### EXERCISE BRIEF
Set the records down again, exactly, without their images.
Segment Start: INPUT RECORDS
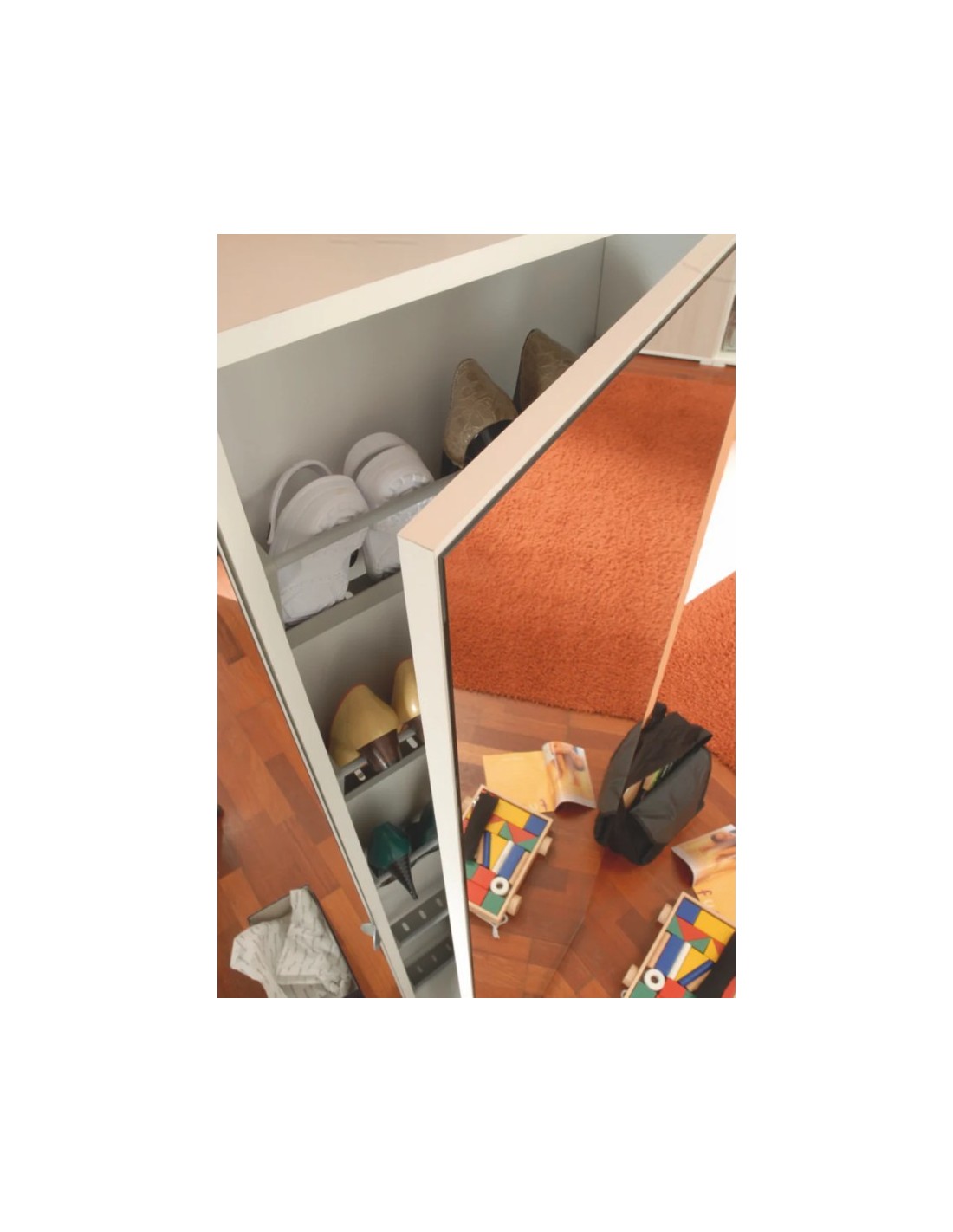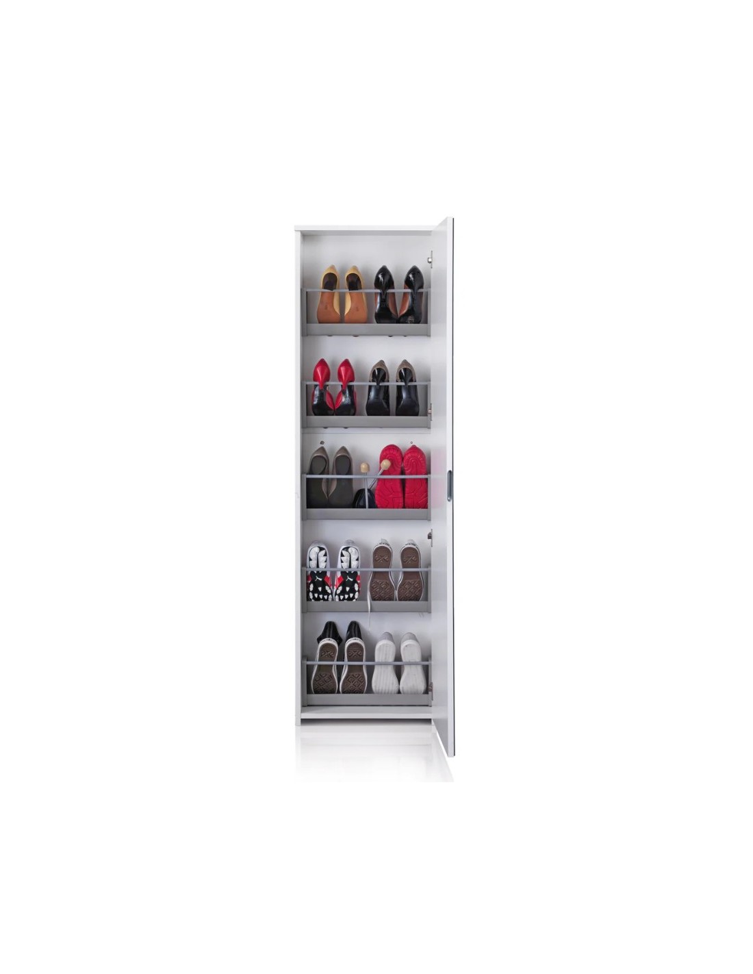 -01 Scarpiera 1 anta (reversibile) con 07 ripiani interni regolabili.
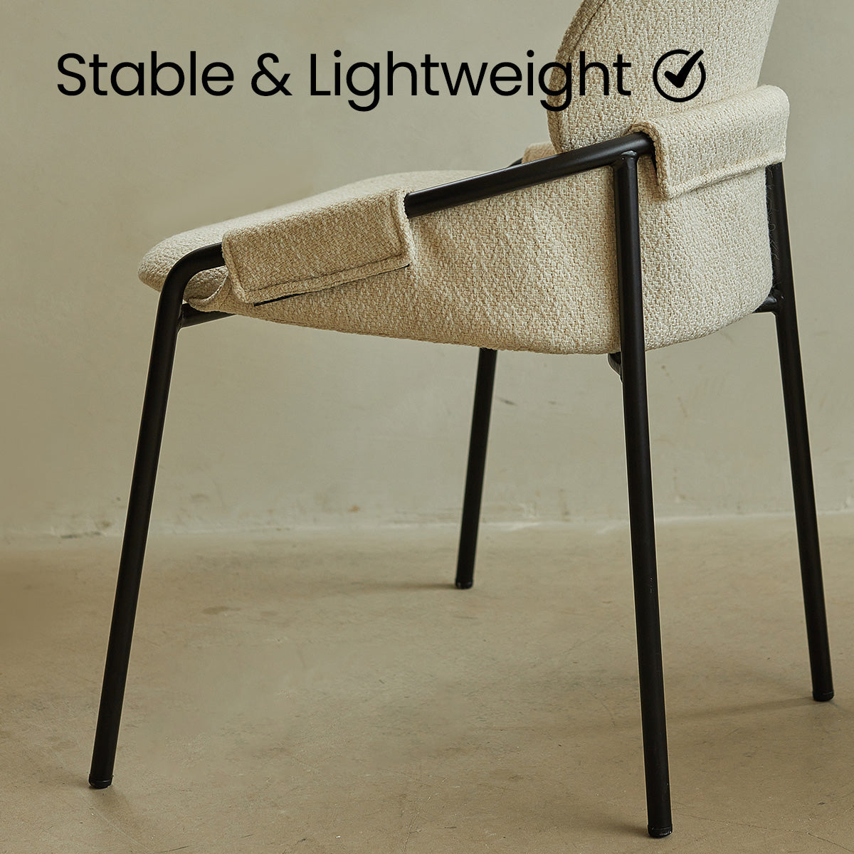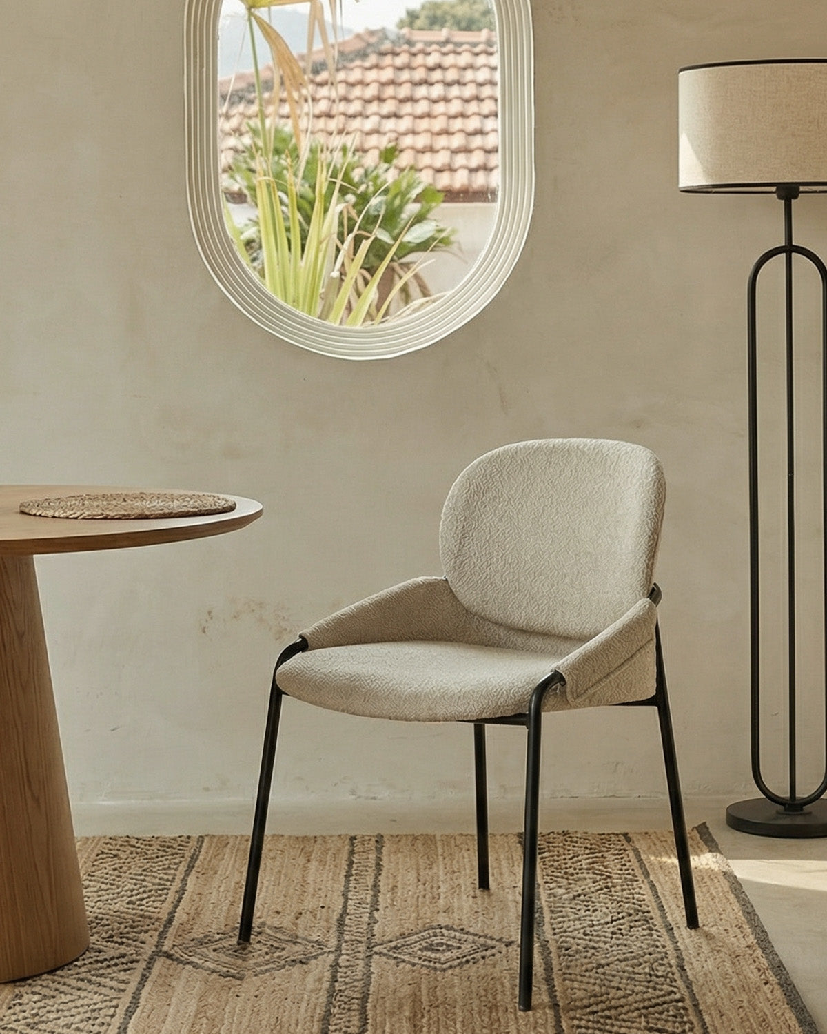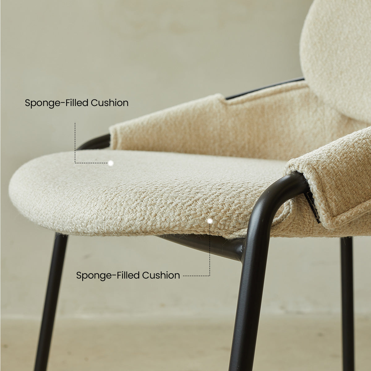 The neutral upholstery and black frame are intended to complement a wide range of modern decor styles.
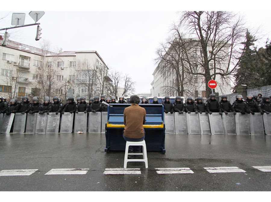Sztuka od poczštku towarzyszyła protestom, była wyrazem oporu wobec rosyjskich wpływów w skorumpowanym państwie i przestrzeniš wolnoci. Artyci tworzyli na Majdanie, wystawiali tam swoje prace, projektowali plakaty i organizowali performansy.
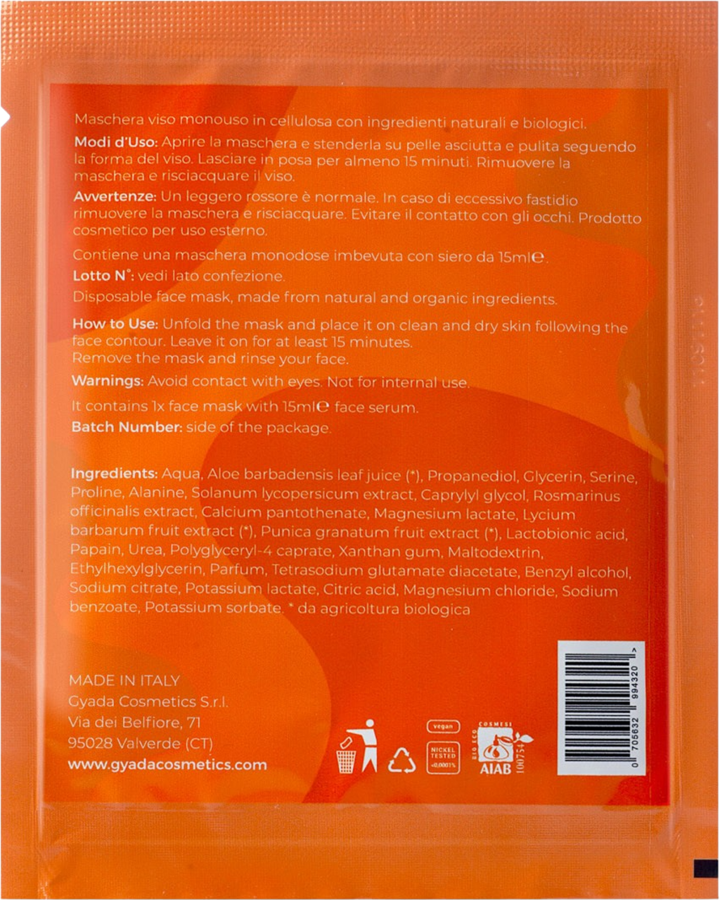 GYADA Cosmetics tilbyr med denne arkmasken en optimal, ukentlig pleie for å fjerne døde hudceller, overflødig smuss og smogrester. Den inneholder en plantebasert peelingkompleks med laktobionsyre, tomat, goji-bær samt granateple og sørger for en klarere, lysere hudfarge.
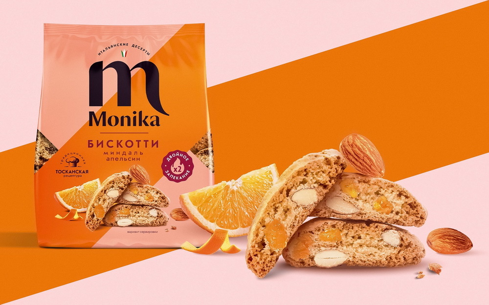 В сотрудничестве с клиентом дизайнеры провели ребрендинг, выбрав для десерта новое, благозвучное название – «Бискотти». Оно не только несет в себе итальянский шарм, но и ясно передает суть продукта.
Segment End: INPUT RECORDS
### THE COMPLETED TASK
 -01 Scarpiera 1 anta (reversibile) con 07 ripiani interni regolabili.
 The neutral upholstery and black frame are intended to complement a wide range of modern decor styles.
Sztuka od poczštku towarzyszyła protestom, była wyrazem oporu wobec rosyjskich wpływów w skorumpowanym państwie i przestrzeniš wolnoci. Artyci tworzyli na Majdanie, wystawiali tam swoje prace, projektowali plakaty i organizowali performansy.
 GYADA Cosmetics tilbyr med denne arkmasken en optimal, ukentlig pleie for å fjerne døde hudceller, overflødig smuss og smogrester. Den inneholder en plantebasert peelingkompleks med laktobionsyre, tomat, goji-bær samt granateple og sørger for en klarere, lysere hudfarge.
 В сотрудничестве с клиентом дизайнеры провели ребрендинг, выбрав для десерта новое, благозвучное название – «Бискотти». Оно не только несет в себе итальянский шарм, но и ясно передает суть продукта.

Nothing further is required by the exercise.